Question

When exactly is a gene "expressed"?

0

Entering edit mode

5.1 years ago

exin ▴ 60

I'm interested in comparing the genes that are expressed in several cell types in order to infer functionings of these cell types.

I use DESeq to find genes that are differentially expressed (DE). However, a gene doesn't always have to be DE to be involved in the functionings of a cell. So ideally I'd like to come up with a reasonable method to find genes that are "expressed".

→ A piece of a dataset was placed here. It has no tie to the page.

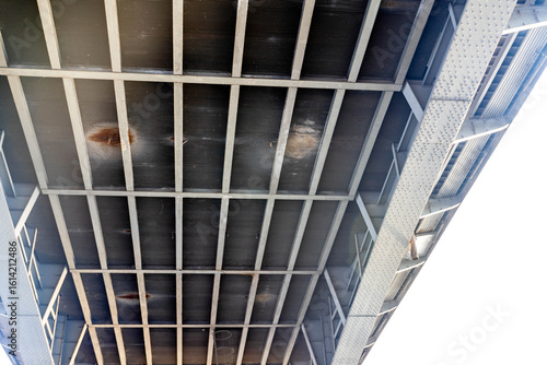 © Uladzislau, Obraz premium Black and white photo taken under the Manhattan Bridge overlooking the East River
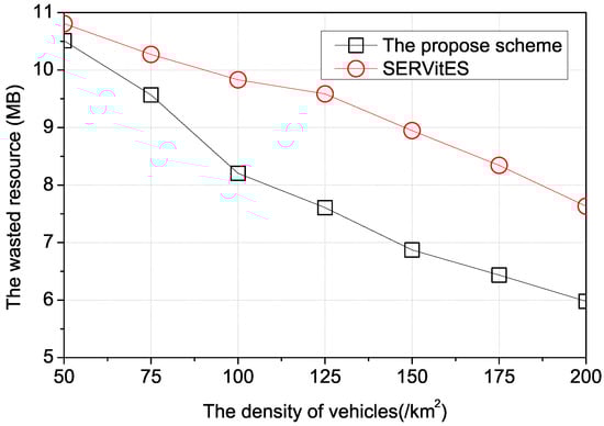 Figure 5 shows the wasted resources according to the density of vehicles. When the density of vehicles is high, the requester vehicle and the RSU can use more vehicles to construct or to reconstruct the vehicular cloud. If the vehicles that can be member vehicles are adequate, the vehicular cloud can select better member vehicles. SERVitES only considers the largest size of the available resource and the connectivity between vehicles. In SERVitES, if the vehicles are dense, there is a high probability of finding a few member vehicles with large amounts of resources instead of many member vehicles with small amounts of resources. This has unintentionally led to the saving of the wasted resource. In the proposed scheme, if the vehicles are dense, there are more candidate vehicles to be used to construct or to reconstruct the vehicular cloud by optimizing the wasted resources. Therefore, more optimal candidate vehicles can be chosen as member vehicles of the vehicular cloud. That is the reason that the proposed scheme has less wasted resource than SERVitES.

Some previous members of my lab came up with the Quartile Expression method: a gene is considered expressed if its transcript count (normalised but not transformed) is in the upper quartile of all genes across all samples. A major issue: Some genes just have much more transcript counts, so they're always expressed (across all samples), and this skews the Q values.

Anyone can point me to a reference where other methods have been attempted? Any thoughts?

gene expression RNA-Seq • 1.4k views

ADD COMMENT • link updated 5.1 years ago by Charles Warden 8.2k • written 5.1 years ago by exin ▴ 60

2

Entering edit mode

Is this a question about actual bioinformatics methods, or is this a philosophical question about what it means to “express” a gene?

ADD REPLY • link 5.1 years ago by Joe 21k

0

Entering edit mode

Probably stats/ bioinformatics. Especially the part on dealing with genes with exceptionally large transcript counts across all samples.

ADD REPLY • link 5.1 years ago by exin ▴ 60

score 4 · Answer 1 · 2019-03-21

If you define an FPKM value of 0.1 as a rough value for a gene expressed above background, that would probably indicate 60-70% of genes are expressed in your sample. I think this seems reasonable (as a rough guideline).

If you want to use a higher FPKM / expression value (such as FPKM > 1) to choose genes that are easier to validate (or otherwise reduce your gene list), that would be a valid point. However, that doesn't mean genes with lower expression (or even expression of FPKM = 0.95) aren't expressed. So, I think that is a slightly different question.

That said, I think upper-quartile is probably too stringent to define a gene as expressed (I think that would correspond to a FPKM value greater than 1).

score 3 · Answer 2 · 2019-03-21

A gene is expressed if its DNA is transcribed into RNAs. So by definition if you detect RNAs for a gene then that gene is expressed. What expression level should be considered relevant for the biological question at hand may not be easy to define which is why people go for DE genes, that's at least statistically tractable if not always biologically relevant.

score 3 · Answer 3 · 2019-03-21

There is no right answer for this question. The combination of low sensitivity (sequencing is not exhaustive) and transcriptional noise means one cannot answer the question. Any solution to this problem will be an arbitrary cutoff.

Practical considerations:

If a genomic feature have to few reads our statical methods cannot theoretically find any significant changes meaning they are not worth testing.
A major reason why we typically filter out low expressed features is that testing "to many" features will result in the FDR correction being very hard and we potentially miss relevant targets.
Personally I think quantile based approaches are kinda strange and prefer absolute cutoffs instead. I think is easier to interpret and also fits better with point (1).

Tool solutions:

You can pre-filter using some arbitrary cutoffs/functions (e.g. edgeRs filterByExpression() function)
You can after testing all your features weight the p-values by the expression with tools such as IHW (note a version of this approach is actually build into DESeq2)

Lastly since you clearly want to compare two conditions you are properly well of doing the DE analysis.